If $g \in E(v)$ with eigenvalue $\lambda_{g}$, we can show that $f(v)$ is an eigenvector of $g$ as follows.
$$ g(f(v)) = f(g(v)) = f(\lambda_{g} v) = \lambda_{g} f(v). $$
Therefore if we can find two maps $g_{1}, g_{2} \in E(v)$ whose only common eigenvectors are $v$ and its multiples, we can conclude that $f(v)$ is a multiple of $v$. For some basis $\beta = \{ v_{\alpha} : \alpha \}$ where $v_{0} = v$, we take $g_{1}$ to be a map where all the $v_{\alpha}$ are eigenvectors with distinct eigenvalues $\lambda_{\alpha}$. Then we take $g_{2}(v_{\alpha}) = g_{1}(v_{\alpha}) + v$. Then $v =v_{0}$ is an eigenvector with eigenvalue $\lambda_{0}+1$, but for all other $\alpha$, $g_{2}(v_{\alpha}) \not= \lambda v_{\alpha}$ for any $\lambda$. As such, $v$ is an eigenvector of $f$.
Now we have that $f(v) = \lambda_{v} v$ for all $v$. To see that the eigenvalues are all the same, consider linearly independent vectors $v_{1}$ and $v_{2}$ with eigenvalues $\lambda_{1}$ and $\lambda_{2}$. Since $v_{1}+v_{2}$ is also an eigenvector with eigenvalue $\lambda_{12}$, we have
$$ \lambda_{1}v_{1} + \lambda_{2}v_{2} = f(v_{1}+v_{2}) = \lambda_{12}(v_{1} + v_{2}). $$
This implies
$$(\lambda_{12} - \lambda_{1})v_{1} + (\lambda_{12} - \lambda_{2})v_{2} = 0. $$
By linear independence we must have
$$ (\lambda_{12} - \lambda_{1}) = (\lambda_{12} - \lambda_{2}) = 0$$
or rather $\lambda_{1} = \lambda_{2}$. By the arbitrary nature of $v_{1}$ and $v_{2}$, we have that $f$ is a scalar transformation.
A: Expanding on Mariano Suárez-Álvarez's answer, when $F$ is a field and $\mathcal{A}$ is a subset of $M_n(F)$, let us denote by $Com(\mathcal{A})$ the set of matrices that commute with all elements of $\mathcal{A}$.
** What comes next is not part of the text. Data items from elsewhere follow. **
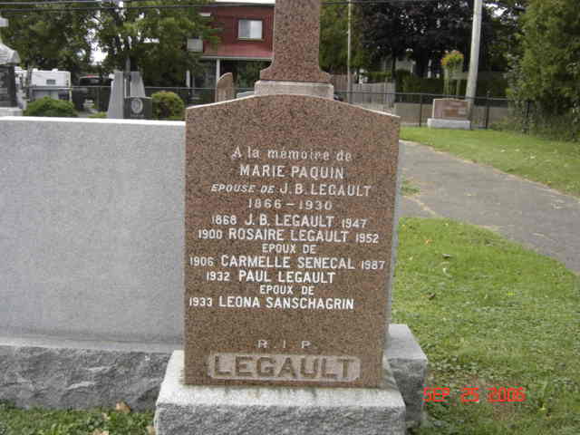 Pierre tombale de Carmelle Sénécal, épouse de Rosaire Legault (R)
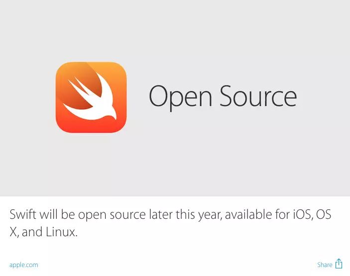 昨晚 HN 和 Reddit 上就有了 Swift 正式开源的消息了。苹果并且启用了新的官网:Swift.org。
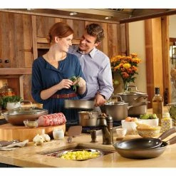 Adventurous cooks who enjoy experimenting with flavor combinations for crepes will love cooking with this Anolon Advanced Bronze Hard Anodized Nonstick 9.5 in. Crepe Pan. Model: 83324.
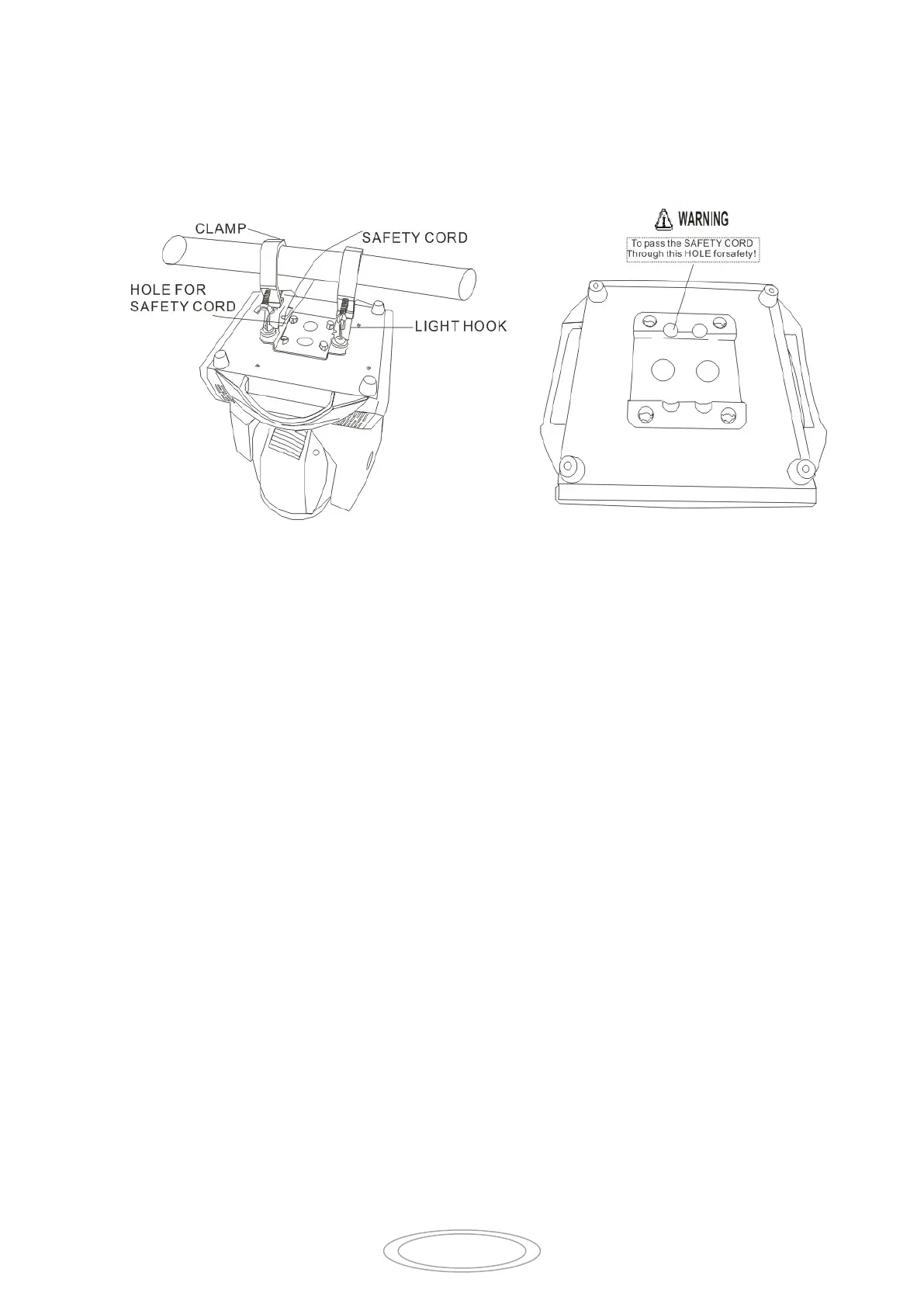 Use 2pcs clamp and 1safety cord(need to purchase).Use clamp fix with light hook which in the
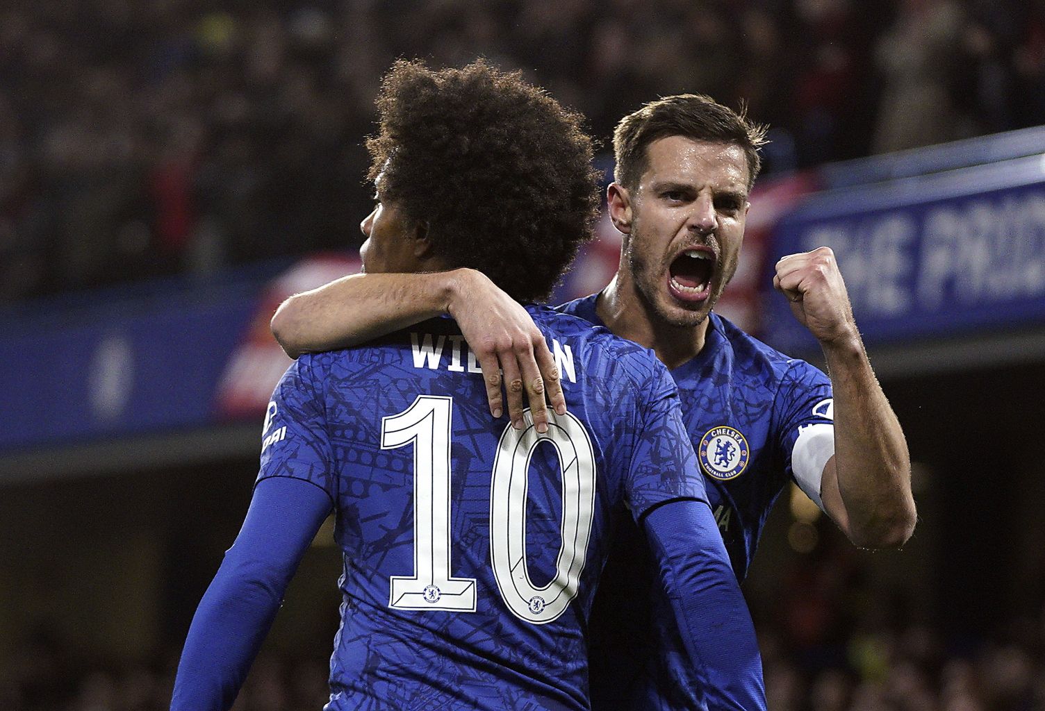 Chelsea's Willian Borges da Silva celebrates with Cesar Azpilicueta (right) after scoring the 1-0 lead.
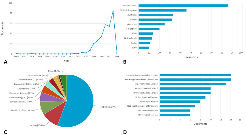 When examining evidence on digital health specifically linked to the professional education of healthcare providers, a markedly different scenario emerges. Globally, only 293 scientific documents have been published, with notable progress beginning in 2018 (Figure 3A). This area is again led by the United States and the United Kingdom (Figure 3B). Medicine and nursing represent the most frequently explored fields (Figure 3C). In this context, the leading institutions are more diverse, including organizations from Asia, Europe, and North America (Figure 3D).
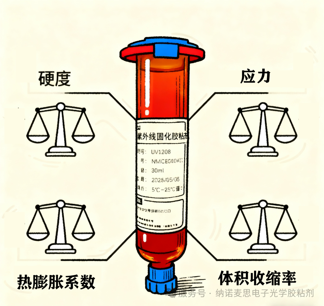 “Shore D50黃金硬度”、“3%的體積收縮率”以及“95ppm/°C的熱膨脹系數(shù)”,使UV1208系列尾膠實(shí)現(xiàn)了難能可貴的平衡,同時(shí)兼具了“低應(yīng)力”和“高韌性”這些特性。
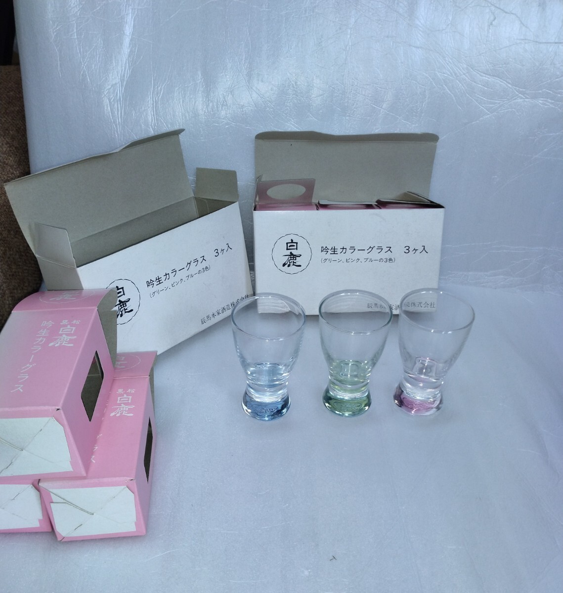 - K146【未使用/保管品】 白鹿 吟生カラーグラス 3ケ入 2セット ノベルティ 非売品
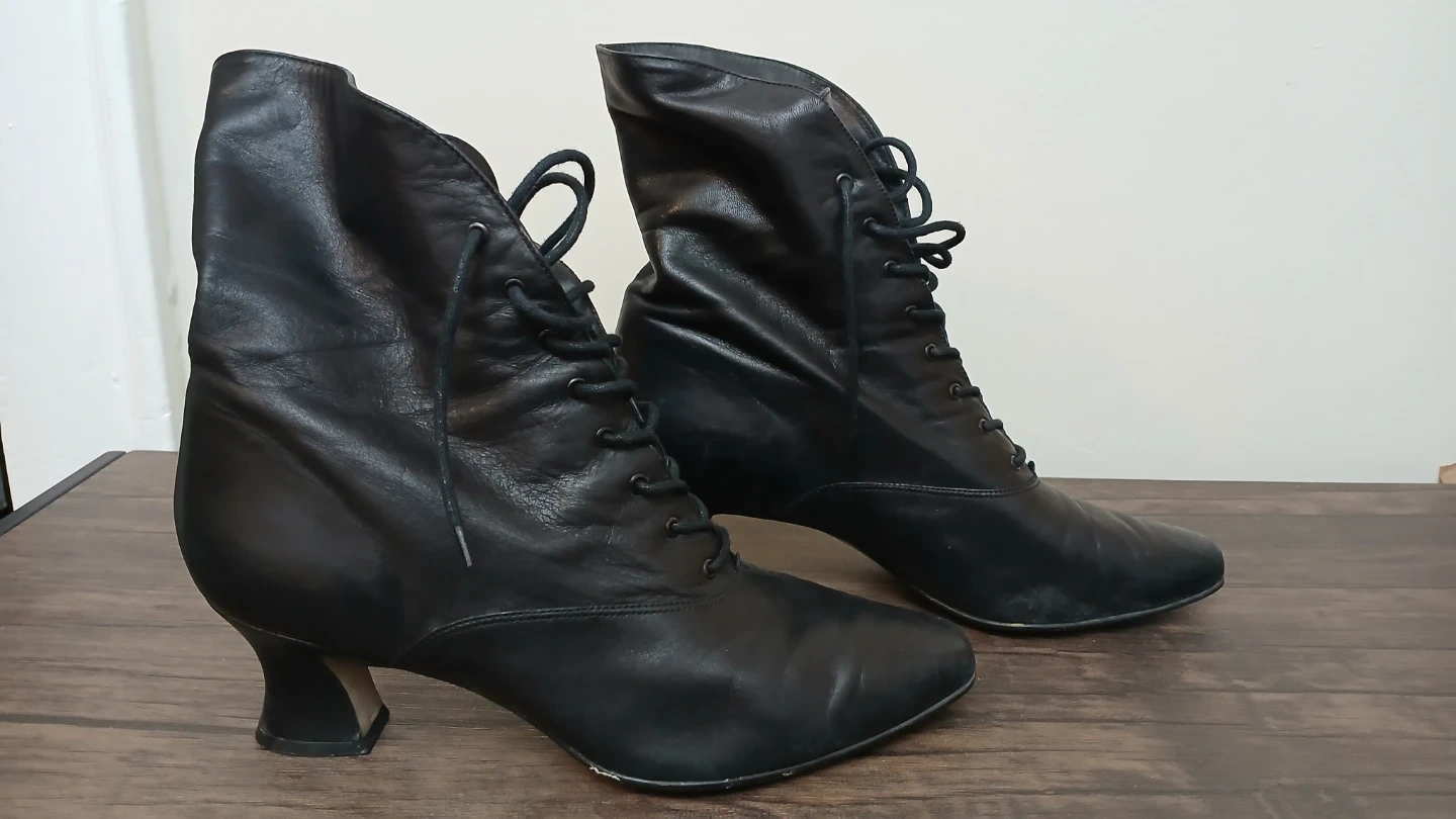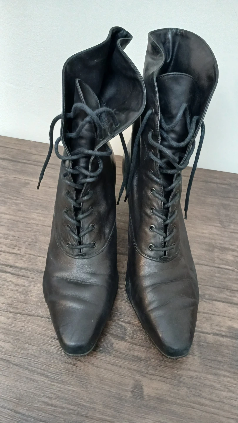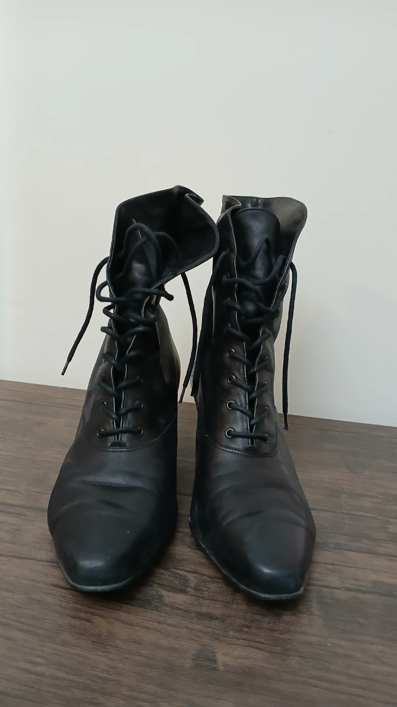 Selling a pair of black leather lace-up ankle boots. They have a classic and stylish look with a comfortable heel height. These boots are perfect for adding a touch of elegance to any outfit. They show some signs of wear but are still in good condition for everyday use!
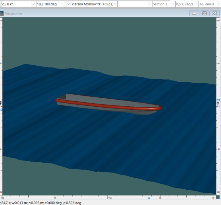 For this analysis a bridge location was considered where the vessel is steered or handled and it was located at the rear due to the characteristics of a fishing boat, the analysis was executed for an average speed of 8 knots with the center of gravity of 1. 066m, heading angles of 135°,165°,180° and a Pierson-Moskowitz spectrum that defines the wave energy distribution of a fully developed irregular sea surface about wave frequency and wind disturbance [27], [28]. There are several idealized spectra that model the behavior of the sea depending on the geographical area in which the vessel will sail, such as Pierson-Moskowitz, Jonswap, the one proposed by Torres and Lonnin, among others [29]; the Pierson spectrum was used in this study because it simulates the behavior of the fully developed sea in which the waves are in equilibrium with the wind [29]. This spectrum is used to simulate the state and behavior of the sea and to identify the dynamic changes of the vessel due to disturbances such as waves and wind. The conditions used from the Pierson-Moskowitz spectrum are: wave height = 0.534 m; wave period = 3.652 s, average wave period = 2.822 s and wind speed = 9.7 kn.

We assume that for every nonzero vector $v$ in $F^n$, there is an element $A$ of $\mathcal{A}$ such that $Fv$ is an eigenspace of $A$. Then $Com(\mathcal{A})$ contains only multiples of the identity matrix. To prove it, we use two classical lemmas: one that says that if two endomorphisms commute, they stabilize each others eigenspaces, and the other says that if an endomorphism stabilizes each line, then it is a multiple of the identity.
This can be used to determine the center of various subsets of $M_n(F)$, including $M_n(F)$ itself.